The familiar heartbreak is one that resonates with many other local businesses across the country that are having to adapt to empty calendars stemming from the cancellation of events ranging from conventions to concerts to festivals. What once was a waterfall of cancellations that started in March 2020 due to the initial outbreak of Covid has recently become a new wave of cancellations that started with the rapid spread of the delta variant this summer.
Timmy Phillips, owner of T&J Concessions, is used to serving “chicken-on-stick” and “cowboy nachos” to hundreds of visitors at the Ham Jam Arts Festival in Philadelphia, Mississippi, every year. Last week, the event, a top five money-maker for the food truck, was cancelled for the first time in its 20-year history due to “the current rise of COVID-19” in the area, according to the event’s Facebook page. Last year, it was postponed from spring until the fall.
Phillips, whose business has suffered during the pandemic due to other cancellations of large events like Hubfest in Hattiesburg earlier this year, called the newest cancellation “very disappointing.”
“Obviously you have to make up the difference somewhere, so you have to get out and hustle harder,” he said. “Just gotta do what we gotta do to survive. Gotta make the best of a bad situation,” he later added.
Survival has consisted of setting up shop during more days of the week outside of local businesses, offices, hospitals and power plants to serve individuals there instead, a strategy that has helped the business mediate its losses over the course of the pandemic. Before Covid hit last spring, Phillips said he and his small staff of up to 3 people would only work three days a week. Now, they have to work double that.
“More stress on our employees, more stress on us,” he said. “We’re making less money because we’re having to work more to make the same money.”
Phillips said the cancellation of festivals like Ham Jam put his business out “several thousand dollars.”
Ham Jam alone is an event that usually has a big impact on the local community. According to Philadelphia Mainstreet Association executive director Tim Moore, the festival brings in up to $20,000 to the local economy every year.
Other local festivals that have called it quits this fall include the Louisville Pride Festival in Kentucky, Gainesville Pride Festival and Parade in Florida, Freshwater Folk Festival in West Virginia, Madison Street Festival in Alabama and the Lafayette Art & Wine Festival in California.
Larger events like the New York Auto Show and the Fancy Food Show in New York, the North American Association of Food Equipment Manufacturers in Florida and VidCon in California have all recently been cancelled due to concerns over the rise in Covid infections.

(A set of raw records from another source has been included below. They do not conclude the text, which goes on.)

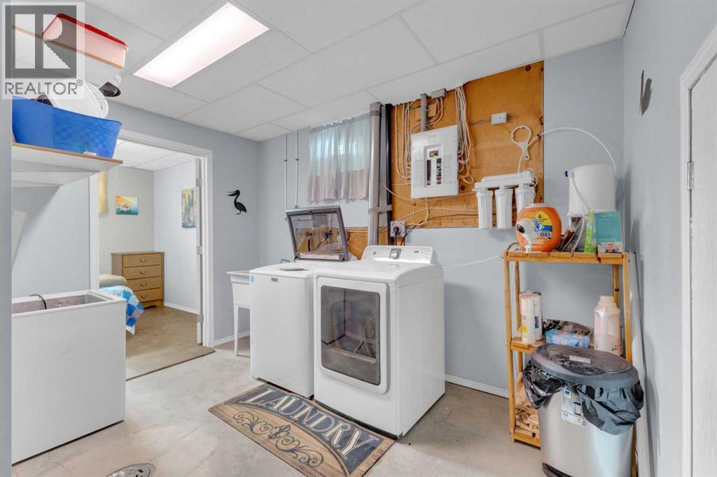 This charming property is tucked away on a private 0.49 acre lot at Pelican Point, surrounded by mature trees, and offering the perfect opportunity for comfort, space, and tranquility AT THE LAKE!! Don't let the reported age of this home fool you! A new basement poured in 2002, with concrete styrofoam block for extra insulation, and infloor heat. A Bungalow was moved on, and then extensively renovated. This well-cared-for home features 5 bedrooms, providing ample room for family and guests alike. As you enter, you’re greeted by a cozy living room complete with a fireplace, and classic hardwood flooring, for an inviting space to gather and relax. The adjoining dining area offers plenty of room for family meals and entertaining, seamlessly connecting to the kitchen, which serves as the heart of the home. The kitchen is equipped with all appliances, attractive maple cabinetry, cork flooring and plenty of counter space for meal prep and creativity. The main floor hosts two spacious bedrooms and a full bathroom. A versatile den adds a unique touch, perfect for an office, reading nook, or additional storage. Downstairs, you’ll find a generous recreation area that can easily adapt to your personal lifestyle, whether as a family room, hobby area, or workout space. Three additional bedrooms and another full bathroom complete the lower level, along with a laundry area conveniently located in the utility room. Central air conditioning is an added feature that you will love in the summer. Outside, the newer covered rear deck offers a peaceful retreat to unwind and take in the natural surroundings. The landscaping goes above and beyond! It literally feels like a park with so many perennials, shrubs, and groomed flower beds. There is also a tarped shed, storage shed, and play centre included in the fenced backyard. This property is only a 5 minute walk to the playground and beach, and 10-15 minute walk to the boat launch. You are also only 15 minute to the lovely town of Bashaw w hich boasts two grocery stores, liquor stores, police station, fire department, school and a vibrant business core. Neighboring cities including Camrose, Wetaskiwin and Stettler are all within an hour to Pelican Point. Recent updates include the replacement of 2 hot water tanks in February 2026. This amazing turn key, 4 season property, combines privacy, practicality, and a great opportunity for year round living or a fantastic summer home! (id:63190)
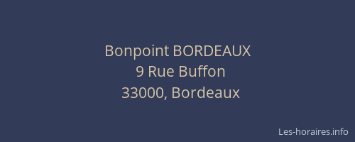 Voici les horaires de Bonpoint BORDEAUX situé à Bordeaux,
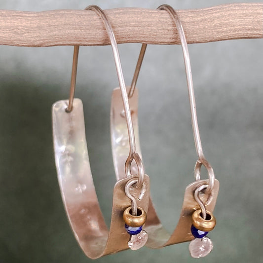 Swinging Sisters, textured sterling silver hoop earrings, featuring lapis lazuli and brass bead detail.
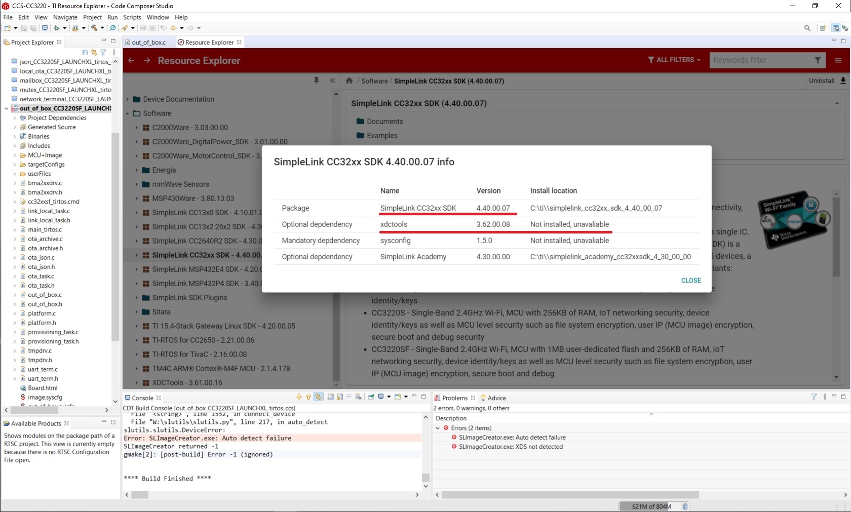 I believe it is due to the absence of the XDCTOOLS 3.62.00.08 component shown in figure 1.

One area of the live event industry that remains up in the air is concerts, as major stars begin their tours — many rescheduled from 2020 — heading into the fall. Some artists like the Jonas Brothers and Harry Styles are hitting the road with Covid safety protocols in place, while others like K-Pop group BTS and country duo Florida Georgia Line have pulled the plug on their tours altogether.
Jason Biundo, co-founder of Mikey’s Late Night Slice in Ohio, said his pizza joint has started serving concert goers again for the first time since March 2020 inside the Express Live venue in Columbus. However, two shows have already been cancelled and the path ahead remains foggy — and eerily similar to one that appeared to have been left behind.
“We don’t know what’s coming,” Biundo said. “Just the idea of having to go back to that extreme anxiety and worry and, you know, decision making and pivoting, trying to find ways to stay afloat. Just not looking forward to that.”
And without replenishment of federal pandemic support like the nearly $29 billion Restaurant Revitalization Fund, which closed in July, local vendors are hoping that the path ahead clears up and becomes more certain soon.
“We’re just hoping that after 60-plus years in the business we don’t have to shut it down,” Patton said.